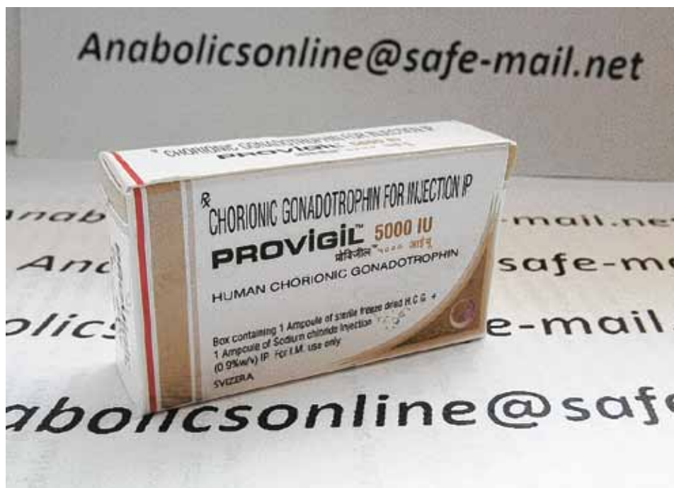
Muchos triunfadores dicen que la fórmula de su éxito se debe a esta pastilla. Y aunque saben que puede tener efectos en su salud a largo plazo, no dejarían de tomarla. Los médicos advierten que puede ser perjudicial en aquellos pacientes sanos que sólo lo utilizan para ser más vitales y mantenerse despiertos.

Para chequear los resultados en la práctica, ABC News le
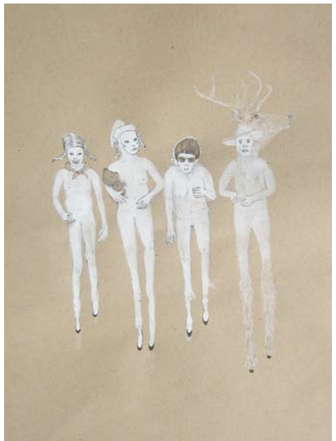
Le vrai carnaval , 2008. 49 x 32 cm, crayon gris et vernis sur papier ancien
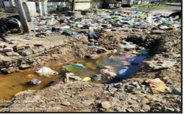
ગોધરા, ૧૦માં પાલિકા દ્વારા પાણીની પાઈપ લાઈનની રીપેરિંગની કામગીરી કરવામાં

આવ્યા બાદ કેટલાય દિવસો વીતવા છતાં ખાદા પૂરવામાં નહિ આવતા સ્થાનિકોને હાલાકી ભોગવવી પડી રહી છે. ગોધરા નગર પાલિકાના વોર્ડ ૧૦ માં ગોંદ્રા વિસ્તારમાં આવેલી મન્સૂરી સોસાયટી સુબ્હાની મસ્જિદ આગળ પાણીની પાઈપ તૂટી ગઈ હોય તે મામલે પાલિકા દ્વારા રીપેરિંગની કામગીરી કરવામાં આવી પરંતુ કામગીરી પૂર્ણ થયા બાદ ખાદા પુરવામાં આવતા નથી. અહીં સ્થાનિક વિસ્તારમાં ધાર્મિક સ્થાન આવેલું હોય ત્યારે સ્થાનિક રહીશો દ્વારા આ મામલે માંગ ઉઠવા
****************
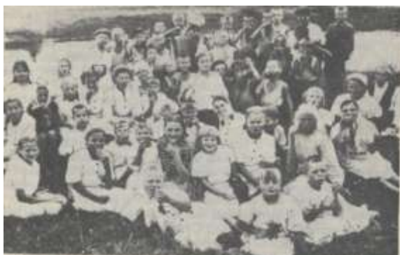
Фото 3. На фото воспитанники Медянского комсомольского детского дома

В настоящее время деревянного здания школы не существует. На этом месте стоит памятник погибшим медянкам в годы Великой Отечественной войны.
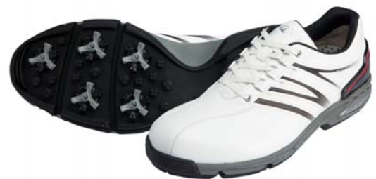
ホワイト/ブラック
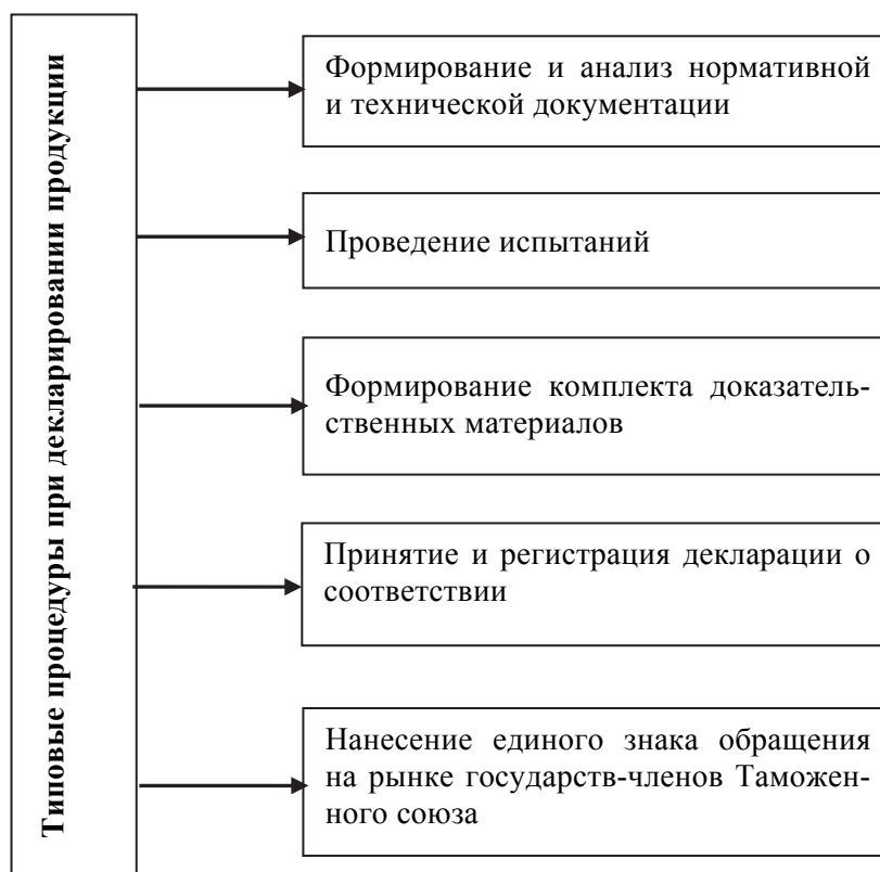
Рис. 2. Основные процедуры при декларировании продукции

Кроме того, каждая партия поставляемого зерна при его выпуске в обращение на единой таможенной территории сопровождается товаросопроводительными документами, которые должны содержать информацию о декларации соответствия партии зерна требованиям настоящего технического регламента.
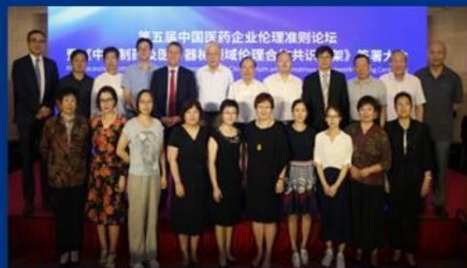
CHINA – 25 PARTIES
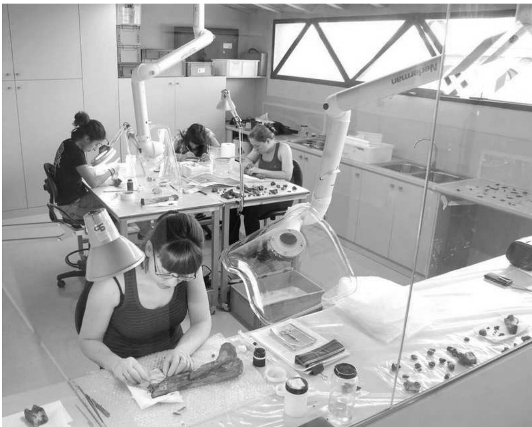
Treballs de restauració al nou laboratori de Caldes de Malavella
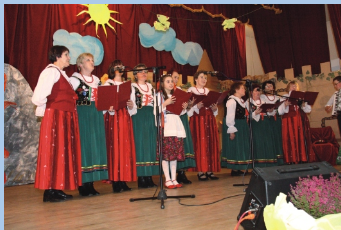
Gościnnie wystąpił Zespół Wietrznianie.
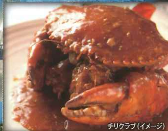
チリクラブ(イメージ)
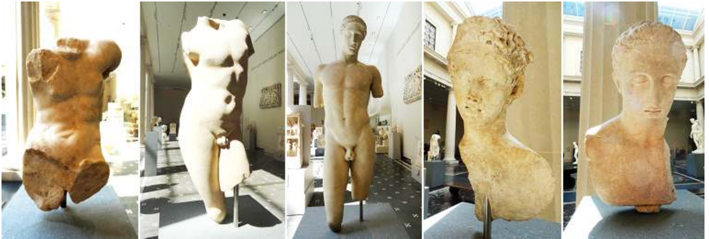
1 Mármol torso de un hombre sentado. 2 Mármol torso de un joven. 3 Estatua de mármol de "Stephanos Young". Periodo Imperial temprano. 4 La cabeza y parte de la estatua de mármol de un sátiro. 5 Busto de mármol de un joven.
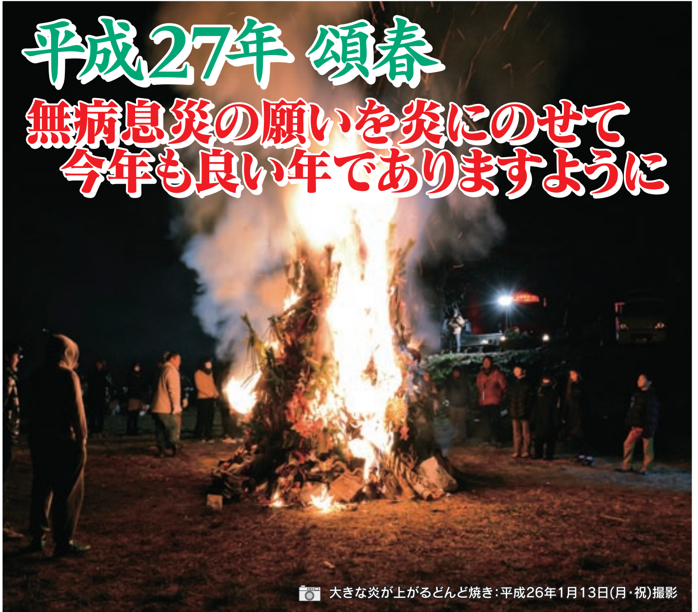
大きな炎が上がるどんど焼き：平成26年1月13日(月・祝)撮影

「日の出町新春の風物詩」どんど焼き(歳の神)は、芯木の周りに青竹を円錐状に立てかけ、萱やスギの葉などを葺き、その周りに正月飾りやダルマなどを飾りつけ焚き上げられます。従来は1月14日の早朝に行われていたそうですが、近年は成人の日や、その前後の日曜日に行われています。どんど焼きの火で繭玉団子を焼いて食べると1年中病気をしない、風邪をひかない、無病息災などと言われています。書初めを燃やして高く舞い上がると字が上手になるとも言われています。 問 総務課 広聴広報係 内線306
****************
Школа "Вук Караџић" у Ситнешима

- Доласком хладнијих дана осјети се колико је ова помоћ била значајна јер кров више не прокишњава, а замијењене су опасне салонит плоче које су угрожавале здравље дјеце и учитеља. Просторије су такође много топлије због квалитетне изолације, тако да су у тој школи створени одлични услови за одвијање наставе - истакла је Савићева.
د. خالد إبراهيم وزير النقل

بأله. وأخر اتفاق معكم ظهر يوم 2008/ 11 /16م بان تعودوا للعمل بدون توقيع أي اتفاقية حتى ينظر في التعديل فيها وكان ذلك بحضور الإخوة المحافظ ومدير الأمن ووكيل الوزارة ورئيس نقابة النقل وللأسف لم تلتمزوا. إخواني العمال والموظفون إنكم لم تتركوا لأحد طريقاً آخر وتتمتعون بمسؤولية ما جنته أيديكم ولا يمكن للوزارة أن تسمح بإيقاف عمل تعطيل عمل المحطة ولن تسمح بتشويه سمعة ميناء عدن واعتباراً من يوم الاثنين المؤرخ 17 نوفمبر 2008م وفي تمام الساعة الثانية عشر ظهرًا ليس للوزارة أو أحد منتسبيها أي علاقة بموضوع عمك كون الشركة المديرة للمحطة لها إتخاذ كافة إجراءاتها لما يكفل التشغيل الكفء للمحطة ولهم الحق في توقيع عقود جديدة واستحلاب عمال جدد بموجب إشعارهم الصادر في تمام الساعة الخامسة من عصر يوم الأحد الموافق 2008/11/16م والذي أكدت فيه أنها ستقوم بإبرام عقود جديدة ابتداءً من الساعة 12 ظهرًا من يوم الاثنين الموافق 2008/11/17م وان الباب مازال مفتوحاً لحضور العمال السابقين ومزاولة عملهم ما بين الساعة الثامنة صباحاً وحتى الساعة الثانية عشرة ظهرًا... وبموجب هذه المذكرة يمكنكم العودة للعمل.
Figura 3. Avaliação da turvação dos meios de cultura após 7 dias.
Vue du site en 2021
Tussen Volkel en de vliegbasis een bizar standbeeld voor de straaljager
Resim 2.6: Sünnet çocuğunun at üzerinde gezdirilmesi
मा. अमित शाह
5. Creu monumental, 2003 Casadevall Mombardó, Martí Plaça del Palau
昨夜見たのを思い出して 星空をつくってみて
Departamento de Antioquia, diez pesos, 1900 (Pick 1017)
****************
**What to do:** Using the listing above, copy exactly the line that contains "Figura 3. Avaliação", the line that contains "Departamento de Antioquia, diez", and each line that falls between them.

**Answer section:**
Figura 3. Avaliação da turvação dos meios de cultura após 7 dias.
Vue du site en 2021
Tussen Volkel en de vliegbasis een bizar standbeeld voor de straaljager
Resim 2.6: Sünnet çocuğunun at üzerinde gezdirilmesi
मा. अमित शाह
5. Creu monumental, 2003 Casadevall Mombardó, Martí Plaça del Palau
昨夜見たのを思い出して 星空をつくってみて
Departamento de Antioquia, diez pesos, 1900 (Pick 1017)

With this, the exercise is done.